== Aim of the exercise ==
Please set down exactly the lines from the one containing "При проведении документа" through the last line of the records below, both included, with no pictures.

[[ Data under study, beginning ]]

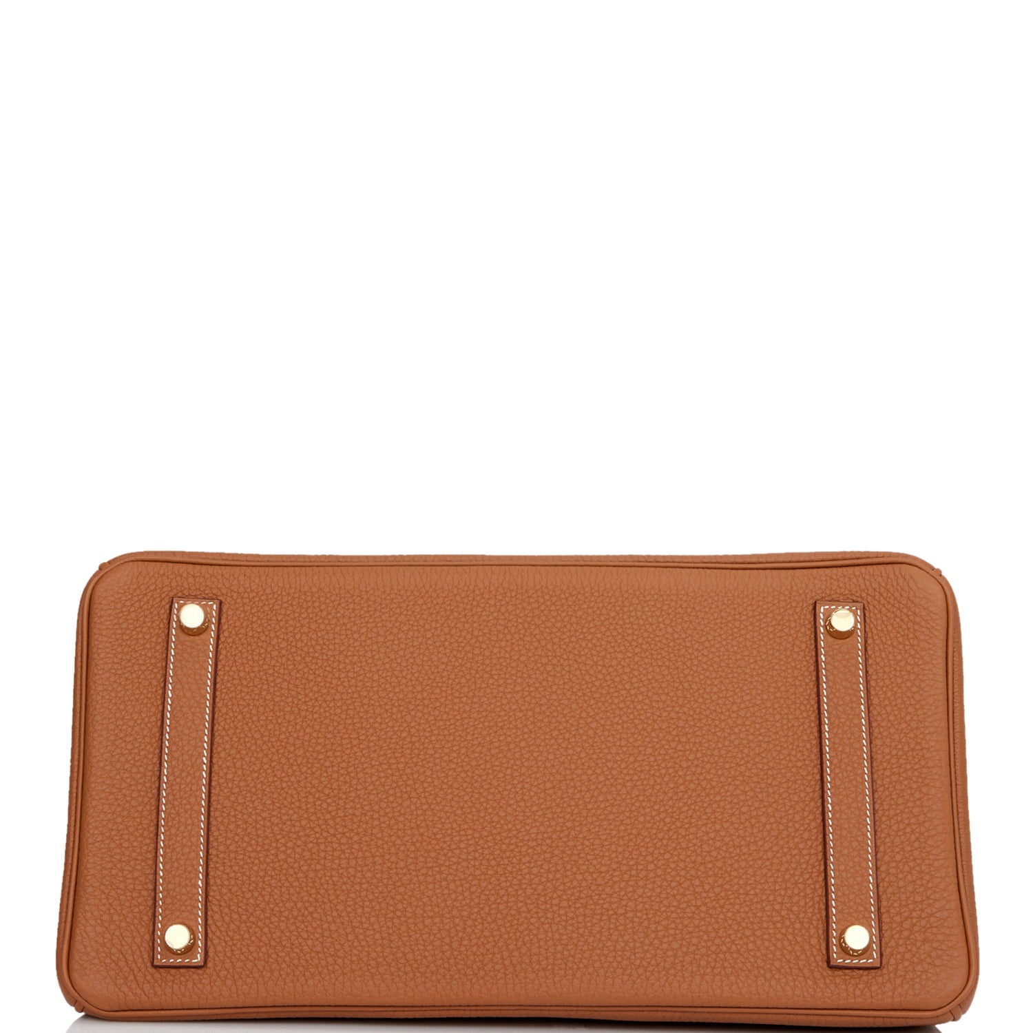 This Birkin is in Gold togo leather with gold hardware and has contrast stitching, two straps with front toggle closure, clochette with lock and two keys and double rolled handles.
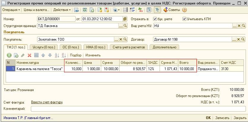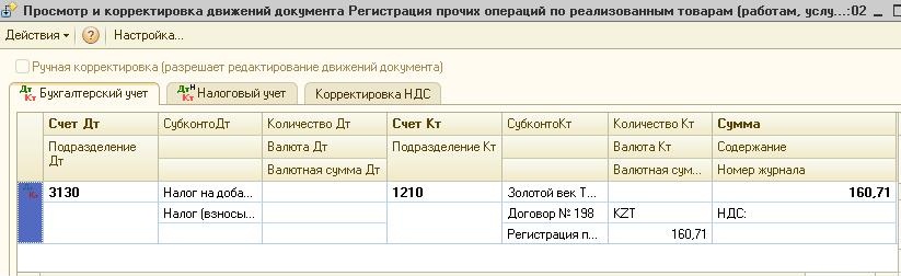 При проведении документа сформируются записи в регистр накопления «Налог на добавленную стоимость» и проводки по увеличению НДС начисленного.
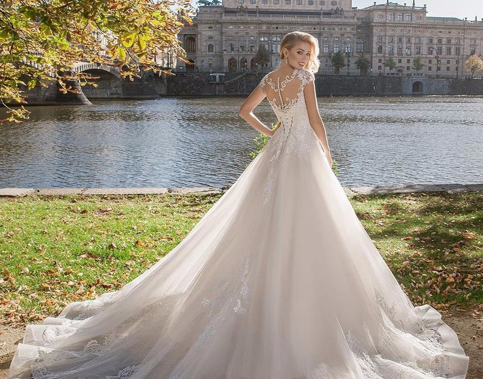 プリンセス A ライン ウェディングドレス Vestido De Noiva Princesa O ネック キャップスリーブ ボタンアップ アップリケ チュール ブライダル ガウン プラスサイズ
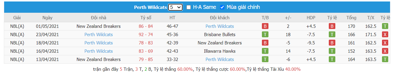 Sắp tới đây tín đồ trái bóng cam sẽ được chứng kiến cặp đấu giữa đội chủ nhà Melbourne United tiếp đón đội khách Perth Wildcats. Không những có được lợi thế sân bãi ở trận này mà Melbourne United còn được đánh giá cao hơn hẳn khi đã thắng tới 5 trên 8 lần chạm trán gần nhất của hai bên kể từ 12/2018 cho tới nay,
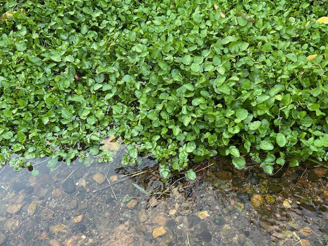 11月中旬の小川の縁に生えていたクレソン。クレソンはヨーロッパ等原産のアブラナ科の多年草。食用・栽培目的で明治以降に日本へ持ち込まれたが、その後逸出して、水辺付近の湿地で野生化している。寒さに強く、冬も鮮やかな緑色。収穫期が春なので、春の季語になっているが、近年では年間を通して店頭に並ぶ。肉料理の付け合わせやサラダなどになる。
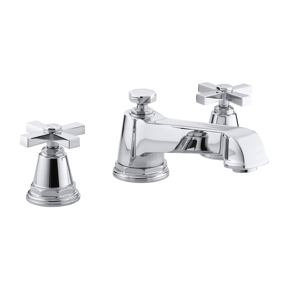KOHLER K-T13140-3A-CP PINSTRIPE PURE 4 1/8 INCH THREE HOLE DECK MOUNT TUB FILLER WITH CROSS HANDLES, POLISHED CHROME
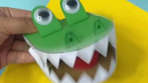 用废旧纸壳和瓶盖来做一只嘴巴会动的鳄鱼吧!
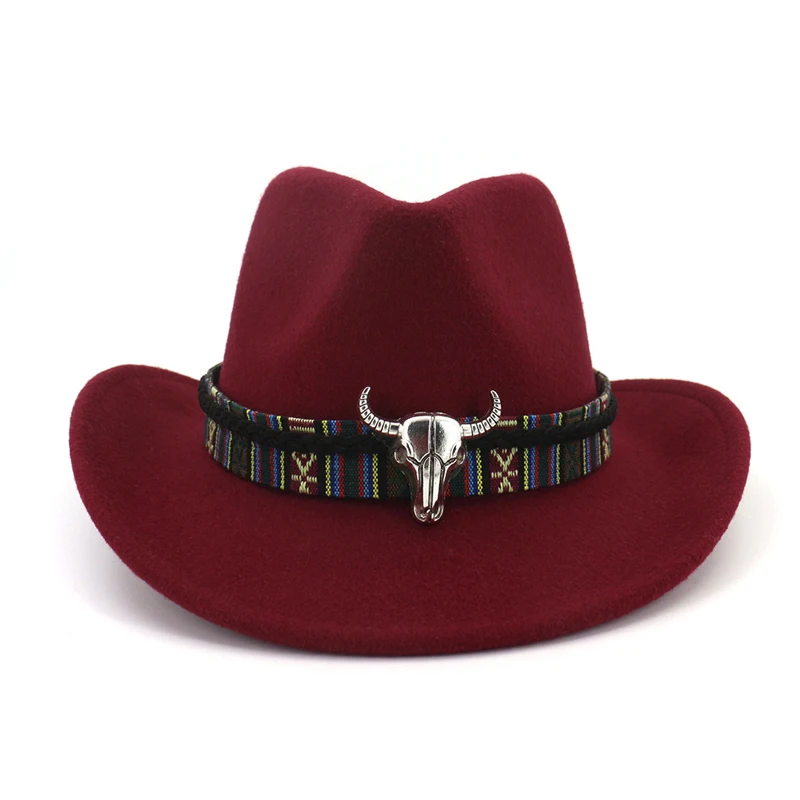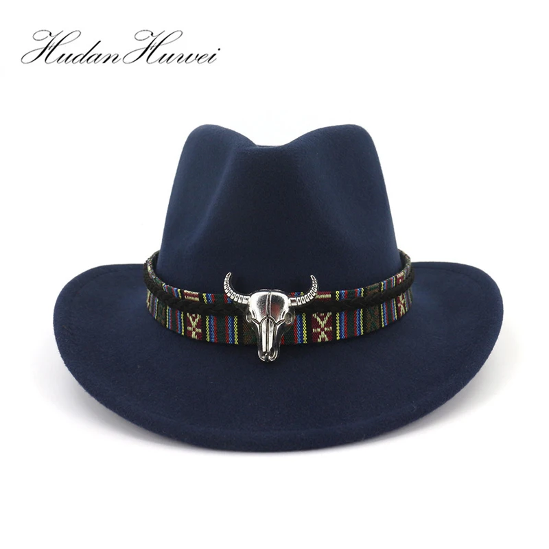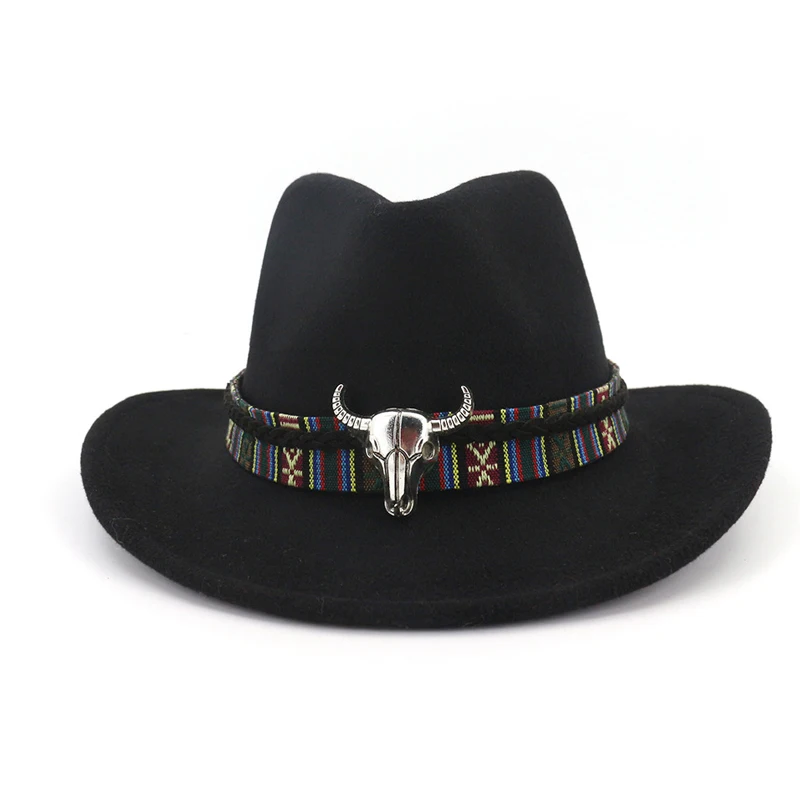 Special Offer Szerokie rondo Western Cowboy jazzowy kapelusz czapka mężczyźni kobiety wełna filcowa fedora kapelusze wstążka metalowa Bullhead ozdobiona czarna czapka Panama Discount 30% Today!

[[ Data under study, end ]]

== Response ==
 При проведении документа сформируются записи в регистр накопления «Налог на добавленную стоимость» и проводки по увеличению НДС начисленного.
 プリンセス A ライン ウェディングドレス Vestido De Noiva Princesa O ネック キャップスリーブ ボタンアップ アップリケ チュール ブライダル ガウン プラスサイズ
 Sắp tới đây tín đồ trái bóng cam sẽ được chứng kiến cặp đấu giữa đội chủ nhà Melbourne United tiếp đón đội khách Perth Wildcats. Không những có được lợi thế sân bãi ở trận này mà Melbourne United còn được đánh giá cao hơn hẳn khi đã thắng tới 5 trên 8 lần chạm trán gần nhất của hai bên kể từ 12/2018 cho tới nay,
 11月中旬の小川の縁に生えていたクレソン。クレソンはヨーロッパ等原産のアブラナ科の多年草。食用・栽培目的で明治以降に日本へ持ち込まれたが、その後逸出して、水辺付近の湿地で野生化している。寒さに強く、冬も鮮やかな緑色。収穫期が春なので、春の季語になっているが、近年では年間を通して店頭に並ぶ。肉料理の付け合わせやサラダなどになる。
KOHLER K-T13140-3A-CP PINSTRIPE PURE 4 1/8 INCH THREE HOLE DECK MOUNT TUB FILLER WITH CROSS HANDLES, POLISHED CHROME
 用废旧纸壳和瓶盖来做一只嘴巴会动的鳄鱼吧!
 Special Offer Szerokie rondo Western Cowboy jazzowy kapelusz czapka mężczyźni kobiety wełna filcowa fedora kapelusze wstążka metalowa Bullhead ozdobiona czarna czapka Panama Discount 30% Today!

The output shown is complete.